How many know that "metabolic profiling" was a very hot topic in the late 1960s and early 1970s? Capillary gas chromatography of lipid profiles was highly advanced and 12-24 hour long ion-exchange chromatograms of human urine stored in low temperature freezers was a topic getting a lot of publicity. Even Oak Ridge National Laboratory and Linus Pauling were into this game. The thought here was that if you are sick, some specific collection of compounds must show up in urine that will hint that you are, in fact, sick. "You are what you pee" is a corollary to "You are what you eat." While capillary gas chromatography proved a wonderful tool, especially coupled with mass spectrometry, to identify inborn errors of metabolism associated with enzyme deficiencies; the urine experiments were hardly compelling.

Today, we have new tools and once more, this same thought drives what we now call proteomics, peptidomics, metabolomics and the like. What we then called clinical chemistry, is now called biomarker research, a more comprehensive term that includes more than chemistry.
 
Temperature is a biomarker of inflammation. Cortisol is a biomarker of stress. Today we are down orders of magnitude in limits of quantitation, sample volume and speed. We have fabulous informatics tools as well. On the other hand, the thought is exactly the same and the disappointments are similar to 40 years ago. 

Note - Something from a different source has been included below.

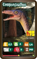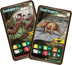 Illustrated cards with dinosaur statistics
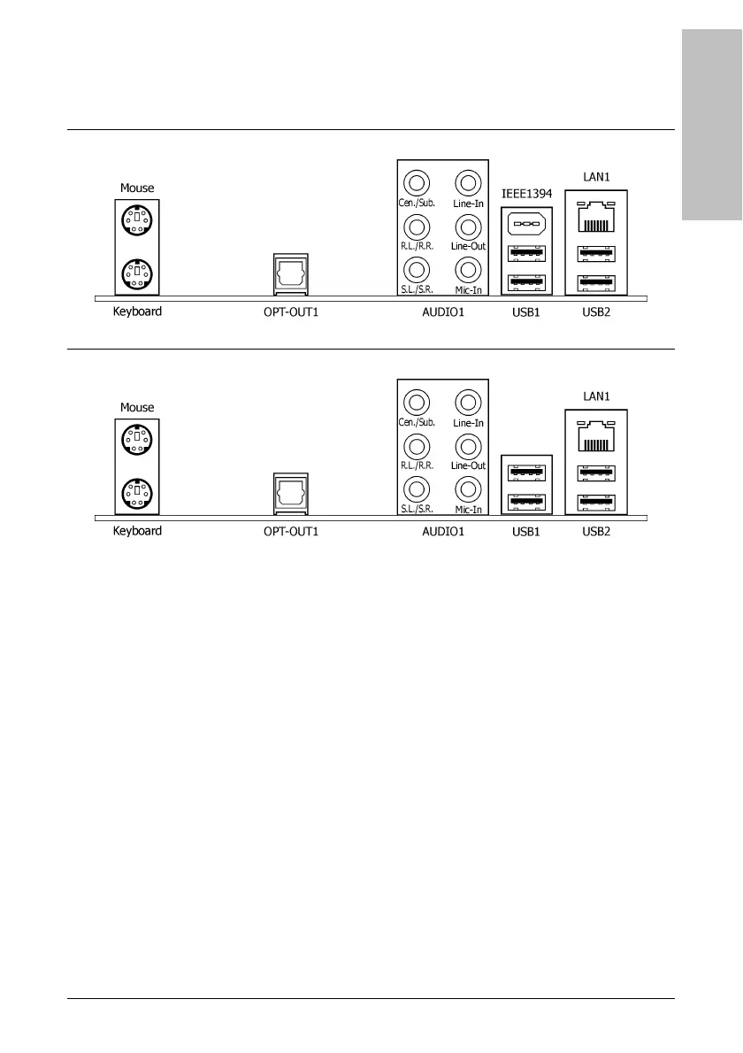 USB1/USB2: Connects to USB devices such as scanner, digital speakers, monitor, mouse,

It's very hard work and how well population statistics can help diagnose a disease in an individual is still very rarely clear. Graduate students have been convinced this is new stuff. No. It is a new name for old stuff approached with new tools.

Another example of old news becoming new is microbes developing resistance to antibiotics. Microbes have been at work on this since the 1930s. We are abuzz with talk on methicillin-resistant staphylococcus aureus (MRSA), for example, a very serious medical problem. We are aware that few drugs today are helpful with sepsis and many die in the hospital as a result.

Early in the development of antibiotics, it was recognized how readily they could lose their effectiveness. The classical example is streptomycin, which in a period of a few years from the late 1940s to the early 1950s transitioned from miracle to disappointment. Combination therapies were then invented (or, more properly, tried in desperation) for tuberculosis. While powerful, these remain unsatisfying given that two million people die each year, some untreated, some under treated and some resistant to the complete armamentarium.

In the mid-1990s, HIV began to be effectively beat down by so-called cocktail therapy. Few today are old enough or aware enough to recognize that this approach was used long ago for bacterial infections. As we've just noted above, cocktails of drugs have long been used against nasty bugs. We should be more cautious about fashion in science and news. For example, tuberculosis never left and is reasserting itself in more virulent forms with HIV and immune suppressing drugs as catalysts. More money is spent on erectile dysfunction and growing hair. Does this make sense? You will agree I could use more hair.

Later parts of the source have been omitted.